Items listed in a dataset
━━━━

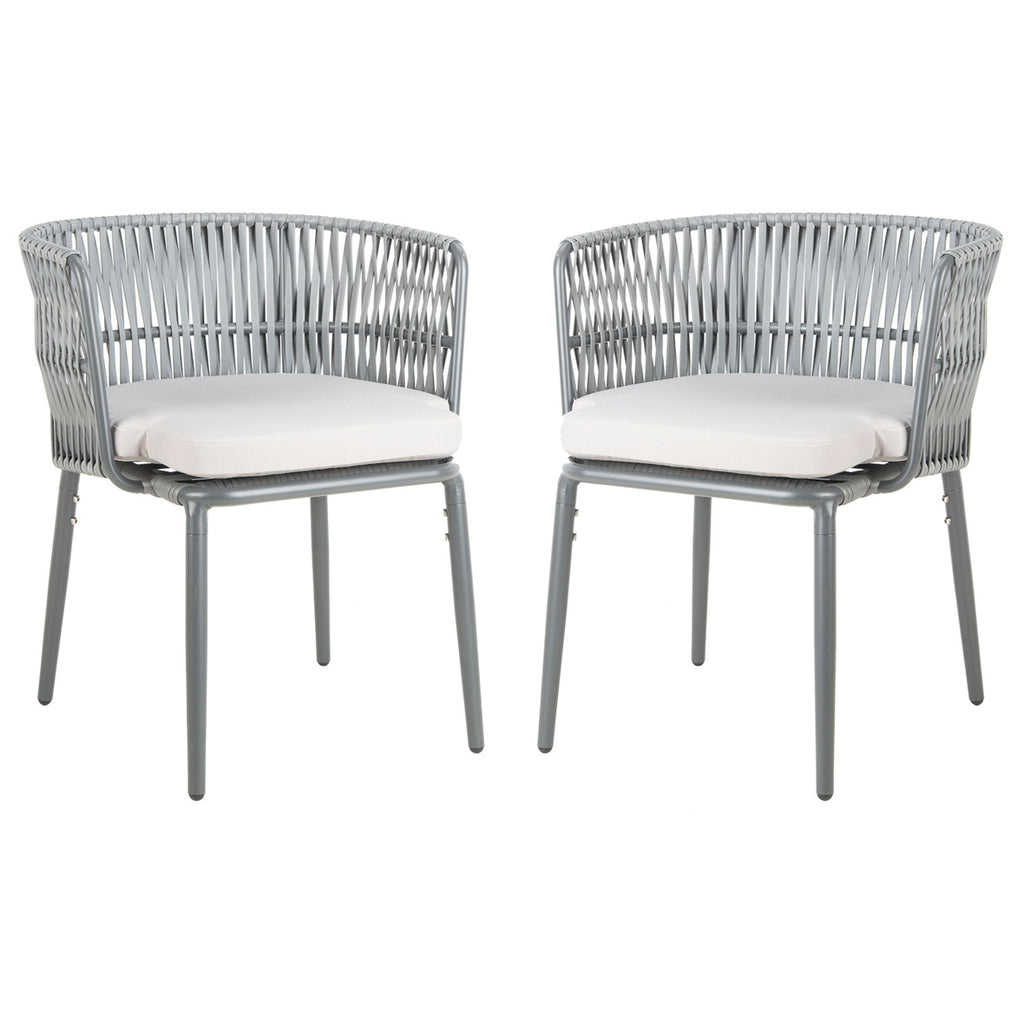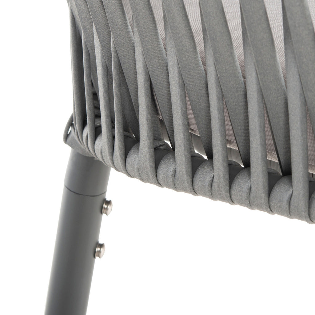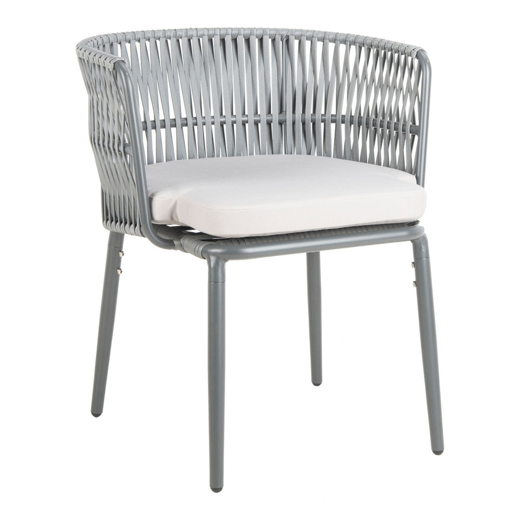This set of rope chairs is an instant classic. Simple, clean lines and a grey finish make it perfect for contemporary and traditional outdoor living. Crafted with wicker and nylon rope detail, it’s an ideal pairing of form and function. Sold as set of two.
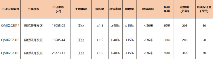 (七)编号QMX202314、QMX202315和QMX202316号地块,按“拿地即开工”模式出让,须按照已评审通过的规划设计方案进行项目投资建设,具体规定详见出让须知等附件文件。
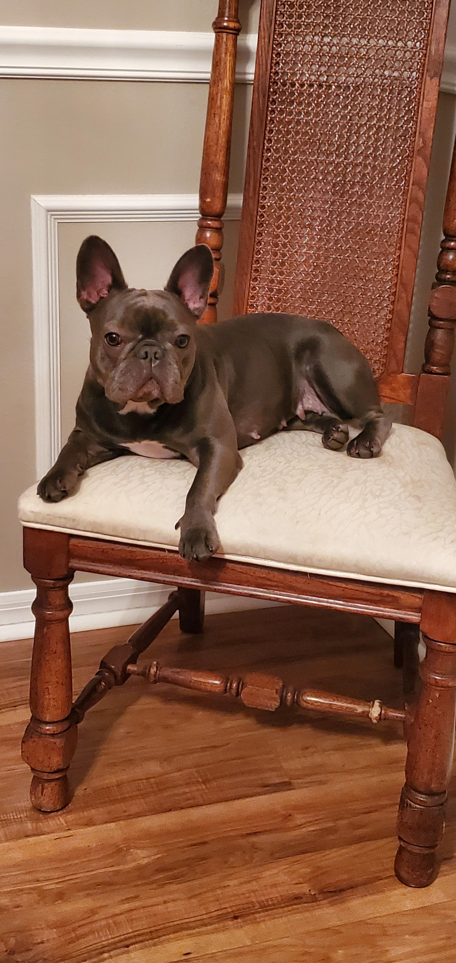 Princess is a female French Bulldog. Carefully selected as a great representative of her breed, Robyn decided to make her part of their program. Robyn has passed Good Dog’s screening process, which involved a review of their breeding practices, environment, and the mental and physical health of their dogs.
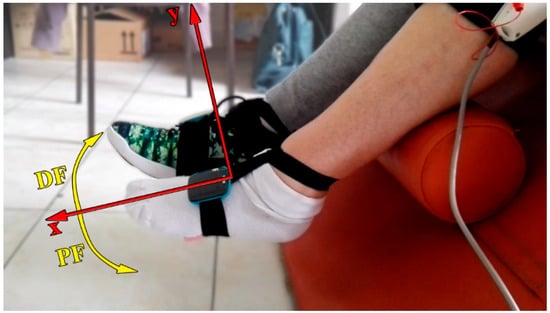 Movements of the foot in the sagittal plane were estimated based on the gravitational component of the acceleration and calculated as the arctangent of the ratio of the acceleration values in transverse and sagittal planes, according to the method described in [41].
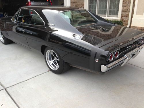 This is a 68 Charger RT tribute, it is not an original RT car. It was originally a red 383 automatic car. It currently has a 440 stroked to 500CI putting out 590HP on pump gas. The engine has had extensive work (crank,pistons,cam,heads). Compression is right at 10.9:1, hydraulic roller lifters, 850 CFM Proform carb with mechanical secondaries. I have installed an MSD ignition with a 2 step (for future trans brake) and billet distributor. The tranny is a race built 727 Manual valve body with a Cheetah shifter. All front bushings are new. The rear end was mini tubbed (professionally done looks excellent), Art Morrison back half with ladder bar setup, 8 3/4 rear end with 391 Suregrip. Front disc brakes (power), bucket seats, new custom upholstery, new window cranks, new mirrors, new LED tail lights, new side markers, new HID headlights (w/ballast), new engine harness, custom front spoiler, working vacuum hide away headlights, new front and rear bumpers, new stock valve covers, new 10MM spark plug wires, new 17" Magnum wheels with new rubber (305 Mickey Thompson's in the rear), new hood blinker lights, aluminum radiator, trans cooler, new air filter, TTI headers, gas tank sump, 3 inch turn down exhaust w/single chamber Flowmaster mufflers, new ignition switch.
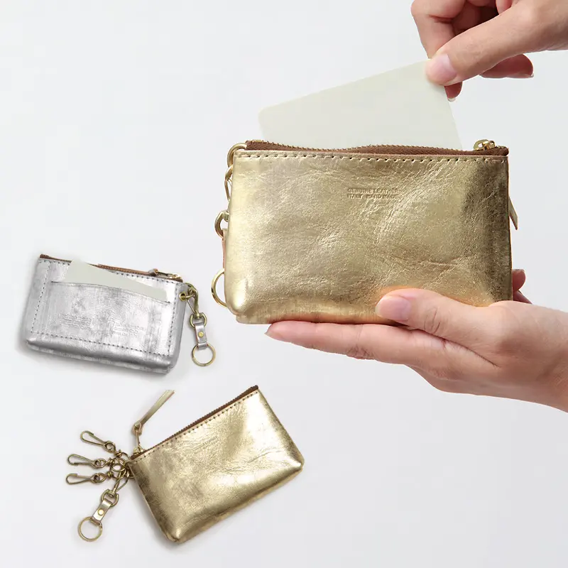 華やかな輝きを放つ “saranam サラナン”「Foil(フォイル)」シリーズのキーポーチ。メタリックな箔加工を施した牛革は、光の角度で表情を変え、手元をエレガントに彩ります。女性の手に収まるコンパクトなサイズながら、鍵やスマートキー、カード類をひとまとめに収納可能。フック付きでスマホショルダーやバッグにセットするのもお薦めです。小物のカラーを揃えれば、洗練されたコーディネートが完成します。

━━━━

Work instruction
Leave out the pictures, then give all the records again exactly.

Response below
This set of rope chairs is an instant classic. Simple, clean lines and a grey finish make it perfect for contemporary and traditional outdoor living. Crafted with wicker and nylon rope detail, it’s an ideal pairing of form and function. Sold as set of two.
 (七)编号QMX202314、QMX202315和QMX202316号地块,按“拿地即开工”模式出让,须按照已评审通过的规划设计方案进行项目投资建设,具体规定详见出让须知等附件文件。
 Princess is a female French Bulldog. Carefully selected as a great representative of her breed, Robyn decided to make her part of their program. Robyn has passed Good Dog’s screening process, which involved a review of their breeding practices, environment, and the mental and physical health of their dogs.
 Movements of the foot in the sagittal plane were estimated based on the gravitational component of the acceleration and calculated as the arctangent of the ratio of the acceleration values in transverse and sagittal planes, according to the method described in [41].
 This is a 68 Charger RT tribute, it is not an original RT car. It was originally a red 383 automatic car. It currently has a 440 stroked to 500CI putting out 590HP on pump gas. The engine has had extensive work (crank,pistons,cam,heads). Compression is right at 10.9:1, hydraulic roller lifters, 850 CFM Proform carb with mechanical secondaries. I have installed an MSD ignition with a 2 step (for future trans brake) and billet distributor. The tranny is a race built 727 Manual valve body with a Cheetah shifter. All front bushings are new. The rear end was mini tubbed (professionally done looks excellent), Art Morrison back half with ladder bar setup, 8 3/4 rear end with 391 Suregrip. Front disc brakes (power), bucket seats, new custom upholstery, new window cranks, new mirrors, new LED tail lights, new side markers, new HID headlights (w/ballast), new engine harness, custom front spoiler, working vacuum hide away headlights, new front and rear bumpers, new stock valve covers, new 10MM spark plug wires, new 17" Magnum wheels with new rubber (305 Mickey Thompson's in the rear), new hood blinker lights, aluminum radiator, trans cooler, new air filter, TTI headers, gas tank sump, 3 inch turn down exhaust w/single chamber Flowmaster mufflers, new ignition switch.
 華やかな輝きを放つ “saranam サラナン”「Foil(フォイル)」シリーズのキーポーチ。メタリックな箔加工を施した牛革は、光の角度で表情を変え、手元をエレガントに彩ります。女性の手に収まるコンパクトなサイズながら、鍵やスマートキー、カード類をひとまとめに収納可能。フック付きでスマホショルダーやバッグにセットするのもお薦めです。小物のカラーを揃えれば、洗練されたコーディネートが完成します。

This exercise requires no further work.